Circle::Circle(float a, float b, float r) :Point(a, b), radius(r) {}

Circle derives from Point, so in the Circle constructor line above when you call:

Point(a, b)

It is initializing the base class Point with the passed in values a and b, who's constructor assigns them to x and y.

Answer 2

You do not have access to variables x and y, because they are private. But you have access to public method display(). display() is public method of class Point and have access to private variables.

In other words you can call the method display(), but can not directly access the private variables x and y.

Answer 3

Line Point p = c; casts Circle object to Point (actually, slices the object to Point) and invokes default assignment operator for Point class. Default assignment operator copies all values (and private data too) to new object.

see more Copy constructors, assignment operators, and exception safe assignment

Answer 4

You can't access private members via Derived class , When you call display() function (which belongs to Point class ) it can show x and y . When you assume Point p = c and invoking p.display() it still invoking Pointer class's method. Because Circle can see her parents' display() method. Make your display() method private and Circle can't invoke it.

Answer 5

The Point members are accessible "within" the Point subobject of a Circle.

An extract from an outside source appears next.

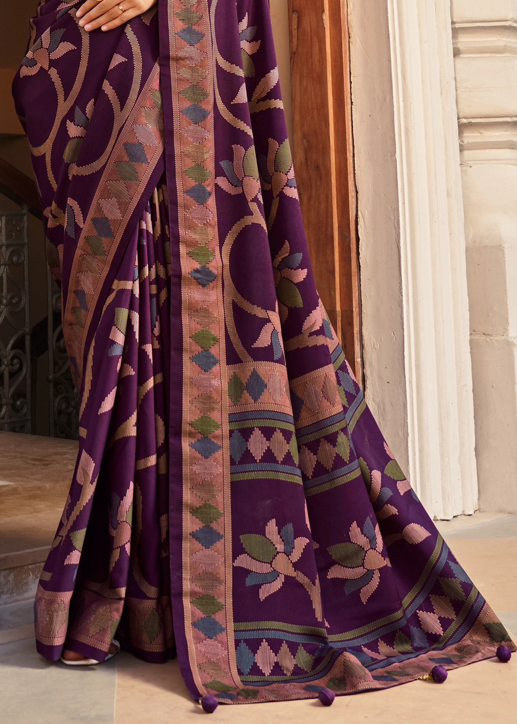 Bring an exotic flair to your attire with this beautiful soft silk handloom saree drape, exclusively designed and curated with smooth flow, and embroidered on palla! Wear it like you want and glam your pujo or anytime occasion look.
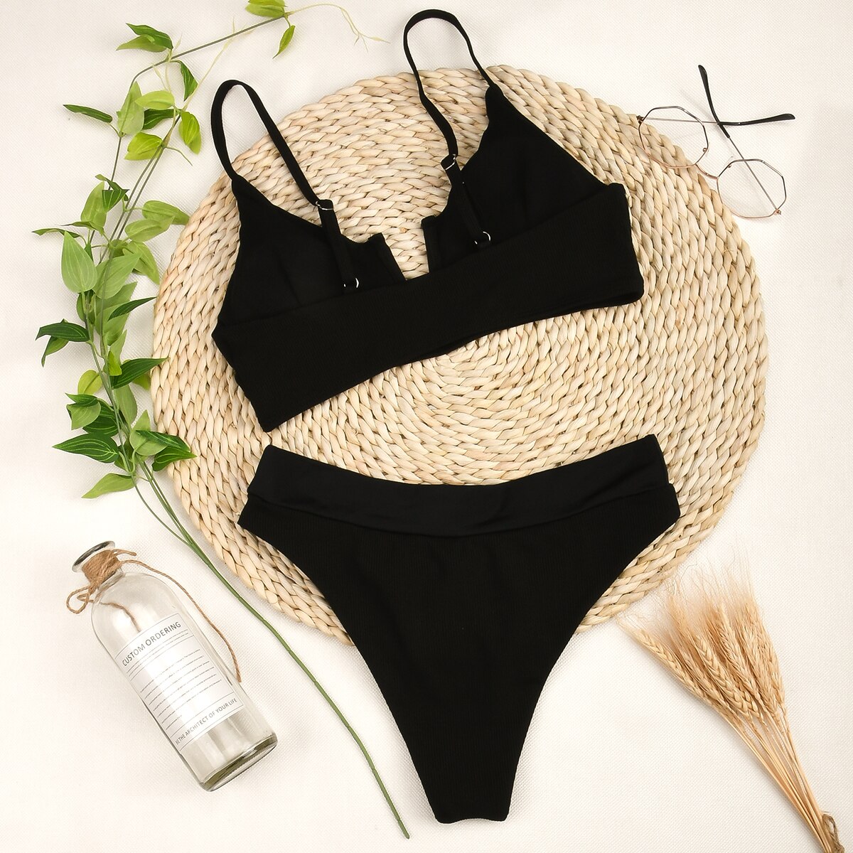 High Waist Bikinis 2021 Sexy Women Swimsuit Solid Swimwear Female V-Neck Brazilian Thong Bather Bikini Set Biquini Bathing Suit

Since you didn't define a copy constructor for Point, copying a Point behaves like this:

Point(const Point& p) : x(p.x), y(p.y) {}

and since Circle inherits from Point, c can be converted to const Point&, and thus Point p = c; copies the Point subobject of c.
This is known as "object slicing".

(On an unrelated note, "a circle is a kind of point" is a strange relationship.)

Answer 6

On this line

Point p = c;

You are calling copy constructor of Point:

Point::Point(const Point& p)

And because you can create reference to Base class from Derived class, your code is equivalent to:

Point &ref = c;
Point p = ref;

Now p will contain copy of Point part of Circle.

And because you initialized Point part of Circle object in Circle constructor like this:

Circle::Circle(float a, float b, float r) :Point(a, b), radius(r) {}

Point(a,b) constructor is called, which will initialize Point part of Circle with paramteters a and b.